In lid 4 is bepaald dat begunstigden op basis van de Landinrichtingswet een overeenkomst met de Landinrichtingscommissie dienen te overleggen. Zij beheren het perceel namelijk op grond van een plan van tijdelijk gebruik. Een dergelijk plan moet echter jaarlijks worden gemaakt. Op het moment van aanvragen staat (juridisch) nog niet vast dat zij later ook daadwerkelijk het eigendom verkrijgen. Met het toevoegen van een overeenkomst met de Landinrichtingscommissie wordt dit voldoende afgedekt.
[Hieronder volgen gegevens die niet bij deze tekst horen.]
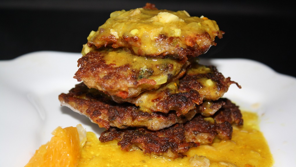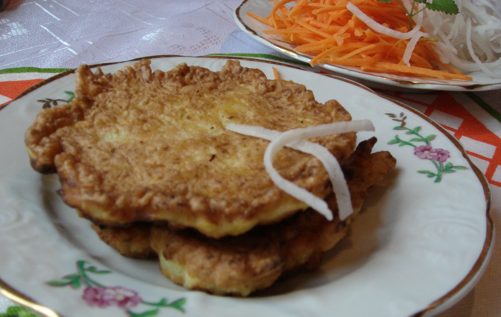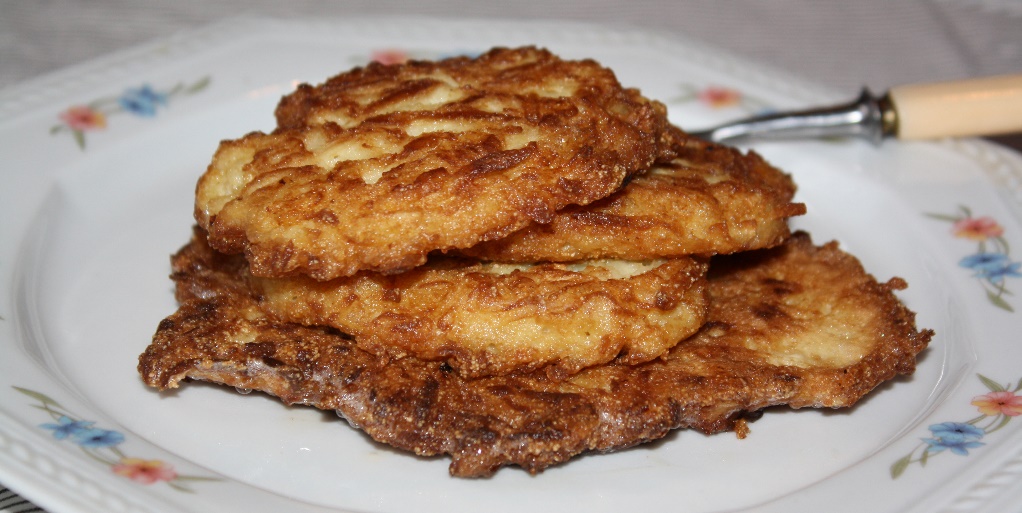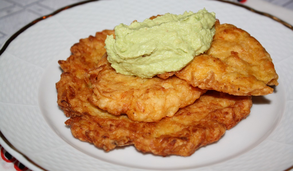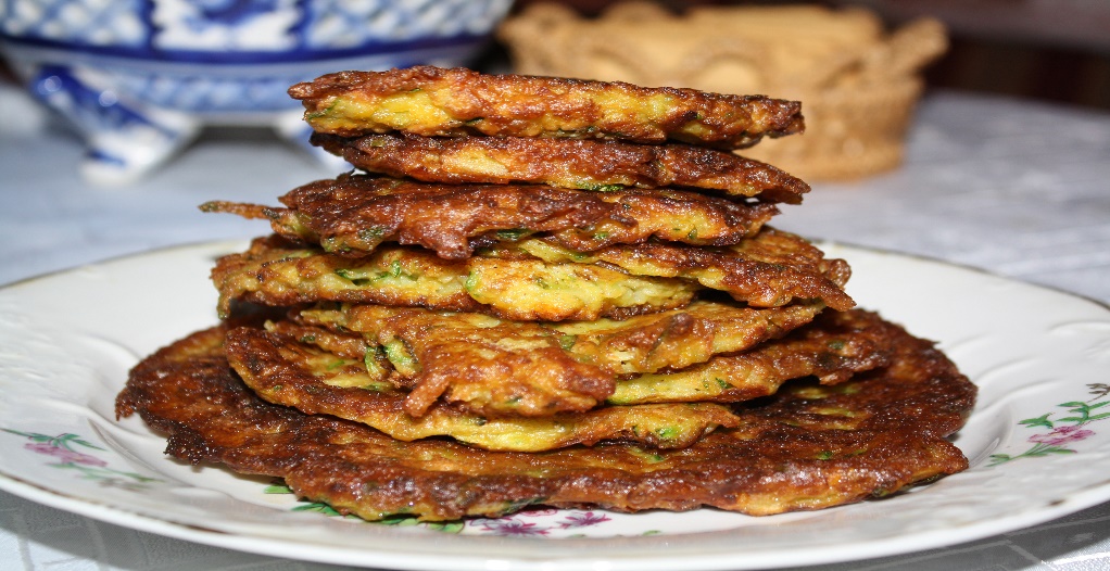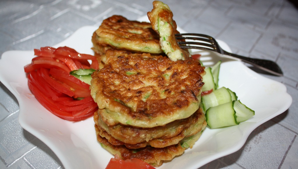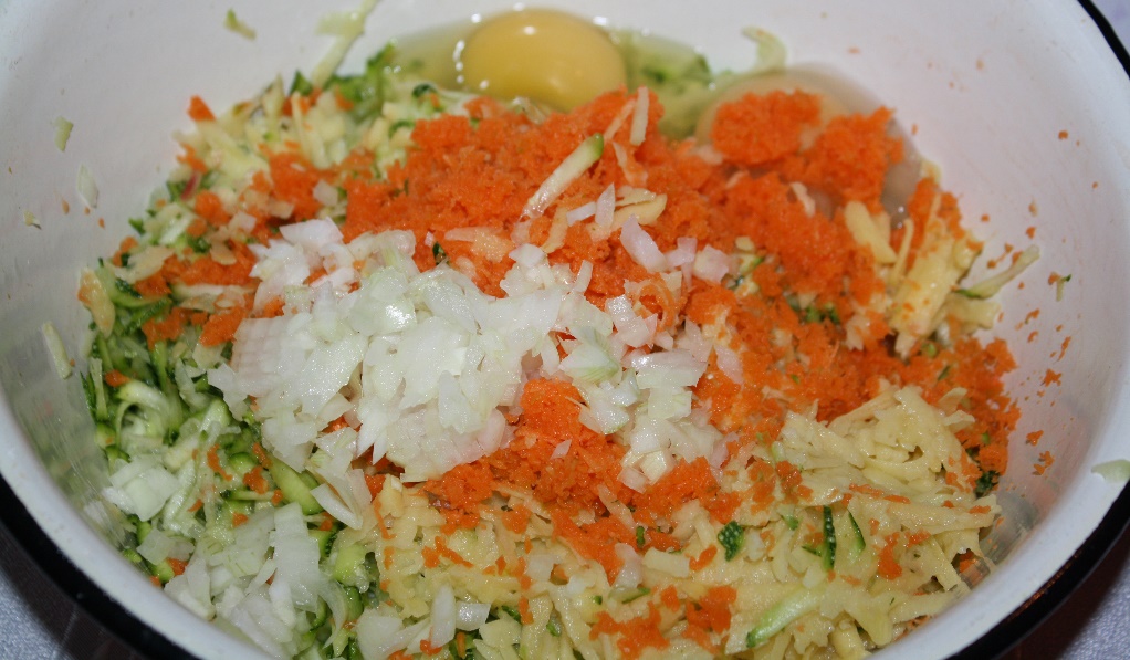 500 гр картофеля, 500 гр кабачков (патиссонов, тыквы), 2 яйца, 1 луковица, 2 столовые ложки рубленой зелени лука, 3 столовые ложки муки, соль, перец по вкусу, 100 мл растительного масла. Яйца взбить со щепоткой соли.

Op zich geldt dit ook met betrekking tot de landinrichting die plaatsvindt op basis van de Wilg (subonderdeel iv). Op basis van de Wilg heeft Gedeputeerde Staten echter de rol van de landinrichtingscommissie overgenomen. Op dat moment is het dus niet meer nodig dat zo’n overeenkomst wordt overlegd, aangezien de subsidieverlener en diegene die zo’n overeenkomst afgeeft een en dezelfde partij zijn.
De onderhavige subsidieregeling gaat niet langer uit van een openstellingsperiode waarbinnen subsidieaanvragen moeten worden ingediend. Gedurende het gehele jaar kunnen aanvragen worden ingediend. Om toch te zorgen voor een ijkpunt bij de beoordeling van de aanvraag, wordt uitgegaan van het natuurbeheerplan zoals dat 6 weken voor de datum van de aanvraag is vastgesteld.
In lid 1 worden de kosten voor het opstellen van het investeringsplan aangemerkt als subsidiabele kosten. De kosten voor archeologisch en hydrologisch onderzoek zijn onderdeel van het investeringsplan.
In lid 2 sub b worden de kosten voor de bouw van opstallen aangemerkt als niet subsidiabele kosten, tenzij die opstallen direct verband houden met het beheer. Hierbij wordt bijvoorbeeld gedacht aan de aanleg van een compostplaat.
Het plaatsen van draaihekjes, klappoortjes voor toegang, etc vallen niet onder lid 2 sub d (recreatieve voorzieningen), maar maken deel uit van de inrichting van het terrein en zijn daarmee subsidiabel.
Sub c is aangegeven dat de functieverandering niet mag dienen tot uitvoering van wettelijke verplichtingen of bestaande convenanten, regelingen of afspraken. Daarmee wordt aangeduid dat geen subsidie wordt verleend indien de functieverandering het gevolg is van een bestaande compensatieverplichting voor de Ecologische hoofdstructuur of Boswet.
De waarde die de landbouwgrond op dit moment heeft is eenduidig en onafhankelijk te bepalen door middel van taxatie. Omdat er geen markt is voor natuurgrond is de restwaarde echter niet eenduidig vast te stellen. Daarom is bepaald dat van de getaxeerde waarde een percentage wordt afgehaald om uiteindelijk de restwaarde vast te stellen. Dat percentage wordt volledig vergoed. Op basis van Europese regelgeving is het maximum 85%. Gedeputeerde Staten kunnen het percentage vaststellen op basis van de marktomstandigheden in de provincie.